Records to use:
******
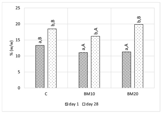 Protein content in Camembert-type cheese at the beginning and end of the ripening period. Explanatory notes: C—control Camembert-type cheese; BM10—Camembert-type cheese with 10% buttermilk; BM20—Camembert-type cheese with 20% of buttermilk. Different small letters (a,b) indicate significant differences in the same cheese on different ripening days. Different capital letters (A,B) indicate significant differences between cheese samples on the same ripening day (p ≤ 0.05).
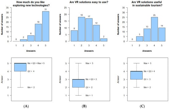 Histograms and box plots depicting distribution of answers regarding (A) liking to explore new technologies—Q14, (B) easiness of VR solutions use—Q15, and (C) usefulness of VR solutions in sustainable tourism—Q16.
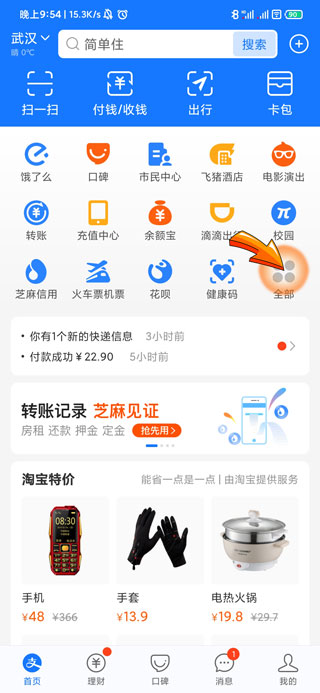 1、支付宝查电费账单明细首先需要打开支付宝APP,点击首页中的“全部”图标。
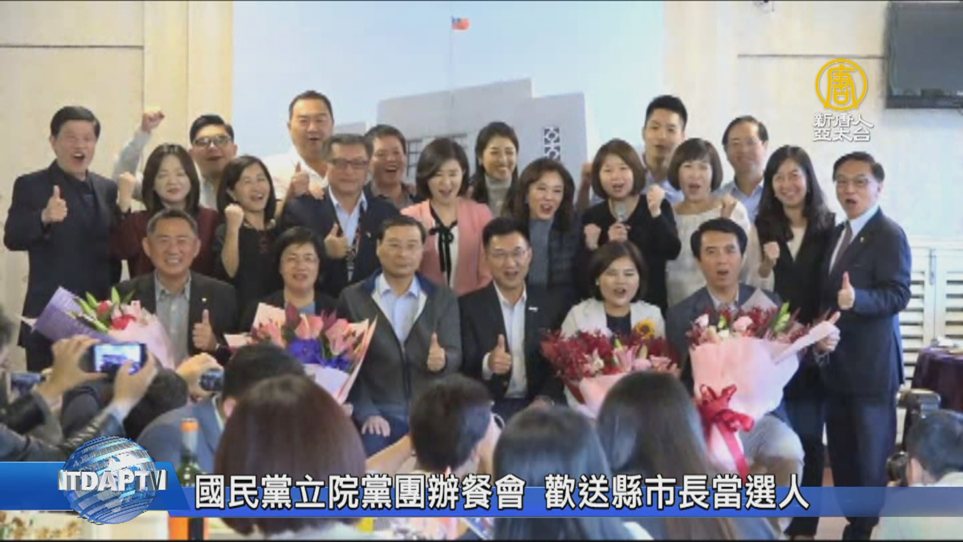 【新唐人亞太台 2018 年 11 月 30 日訊】國民黨立院黨團今天中午在立院舉辦餐會,歡送當選縣市首長的立委,現場氣氛熱烈,展現出勝選後的喜悅,餐會由立法院前院長王金平主持,王金平除了恭喜當選縣市首長的同仁,也感謝其他幫助輔選的立委。
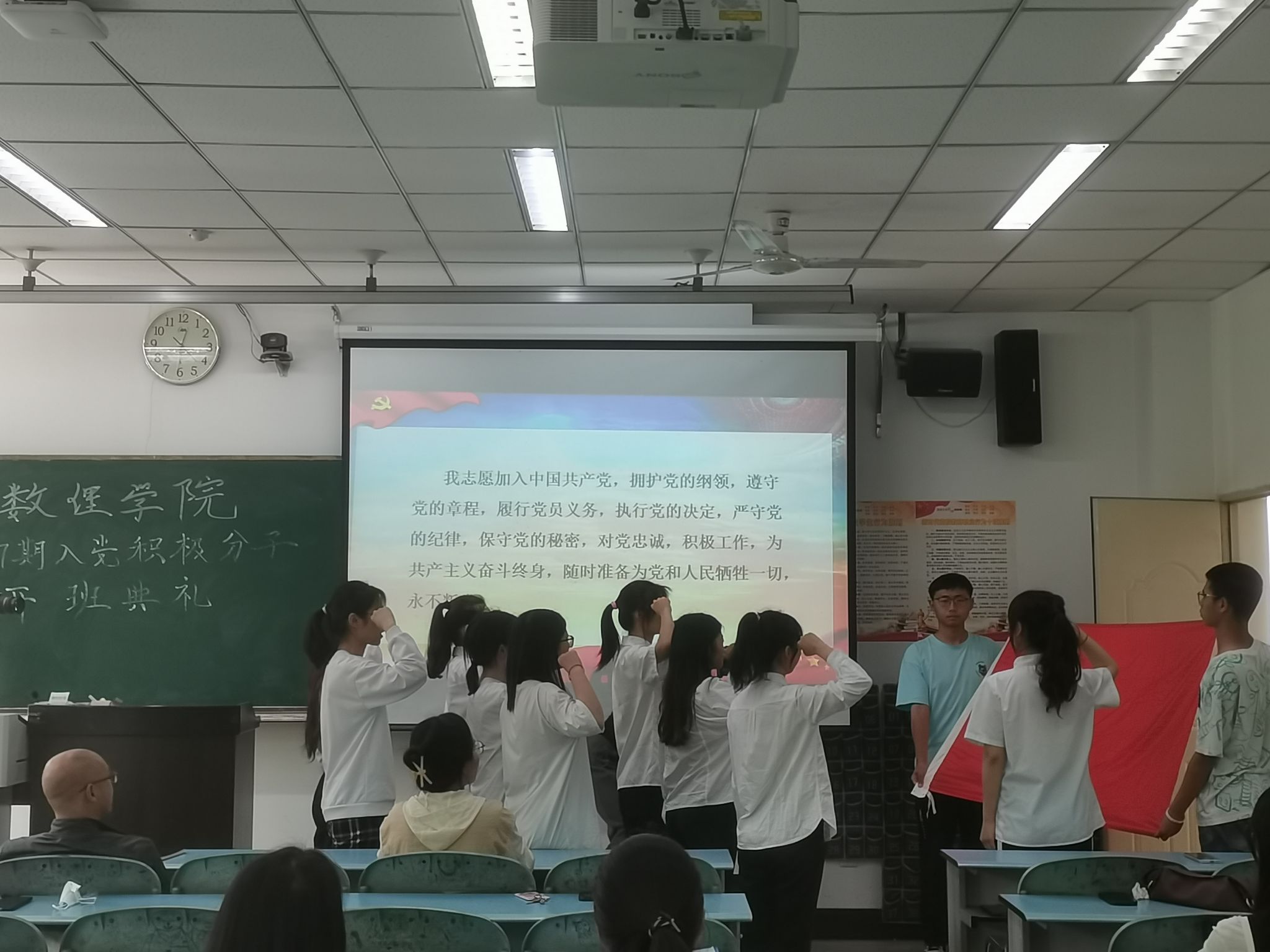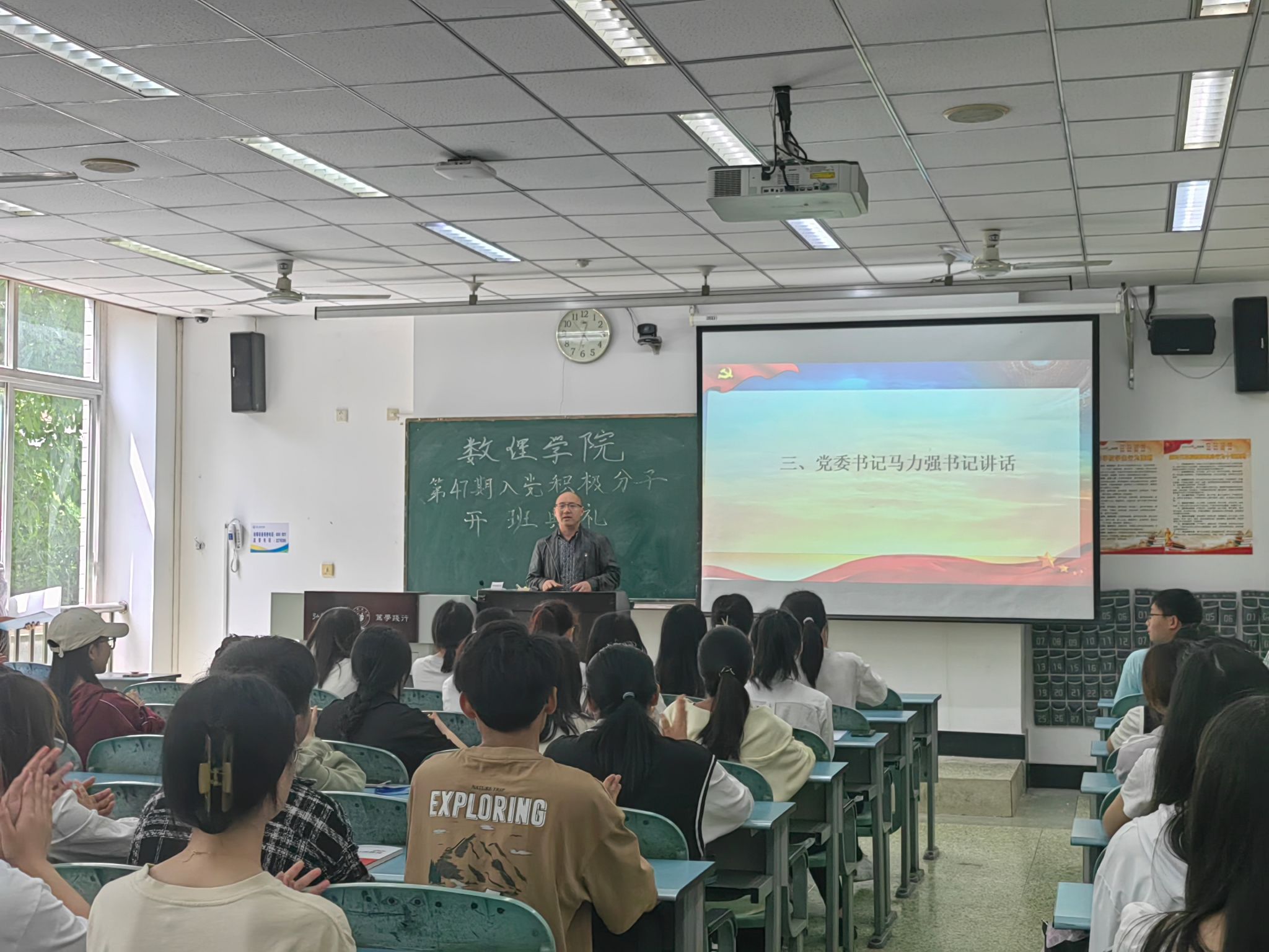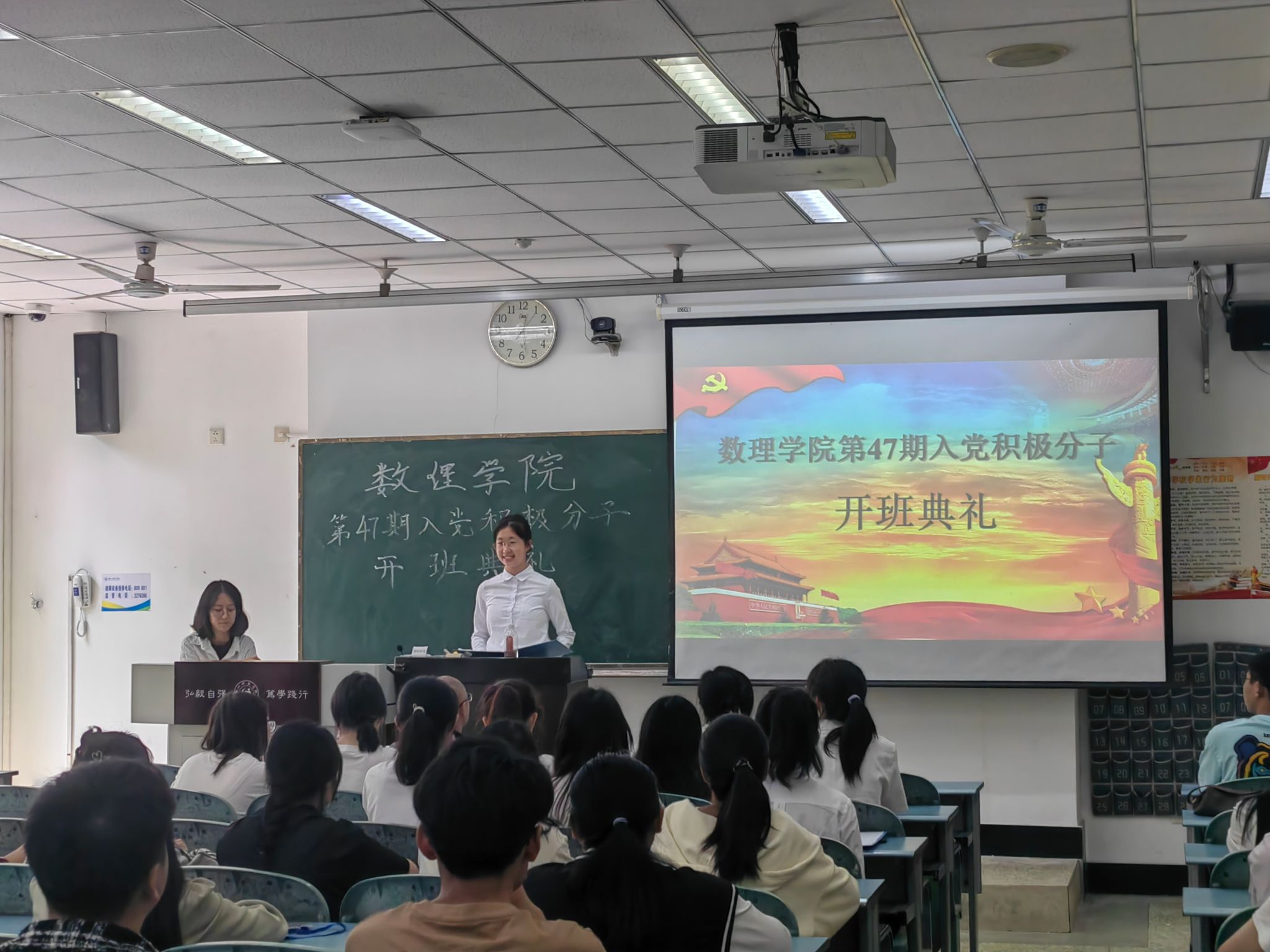本网讯(文、图/刘婧)4月14日,数理学院在行知楼211教室举行了第47期入党积极分子培训班开班典礼。出席本次开班典礼的有学院党委书记马力强、党建指导老师曹琳、学生党员代表以及47期全体入党积极分子。
******
Task instructions: Keep the pictures out of your copy. Copy only the lines from the line that holds "Histograms and box" through the last line of the listing above, both included.

Solution for this task:
 Histograms and box plots depicting distribution of answers regarding (A) liking to explore new technologies—Q14, (B) easiness of VR solutions use—Q15, and (C) usefulness of VR solutions in sustainable tourism—Q16.
 1、支付宝查电费账单明细首先需要打开支付宝APP,点击首页中的“全部”图标。
 【新唐人亞太台 2018 年 11 月 30 日訊】國民黨立院黨團今天中午在立院舉辦餐會,歡送當選縣市首長的立委,現場氣氛熱烈,展現出勝選後的喜悅,餐會由立法院前院長王金平主持,王金平除了恭喜當選縣市首長的同仁,也感謝其他幫助輔選的立委。
本网讯(文、图/刘婧)4月14日,数理学院在行知楼211教室举行了第47期入党积极分子培训班开班典礼。出席本次开班典礼的有学院党委书记马力强、党建指导老师曹琳、学生党员代表以及47期全体入党积极分子。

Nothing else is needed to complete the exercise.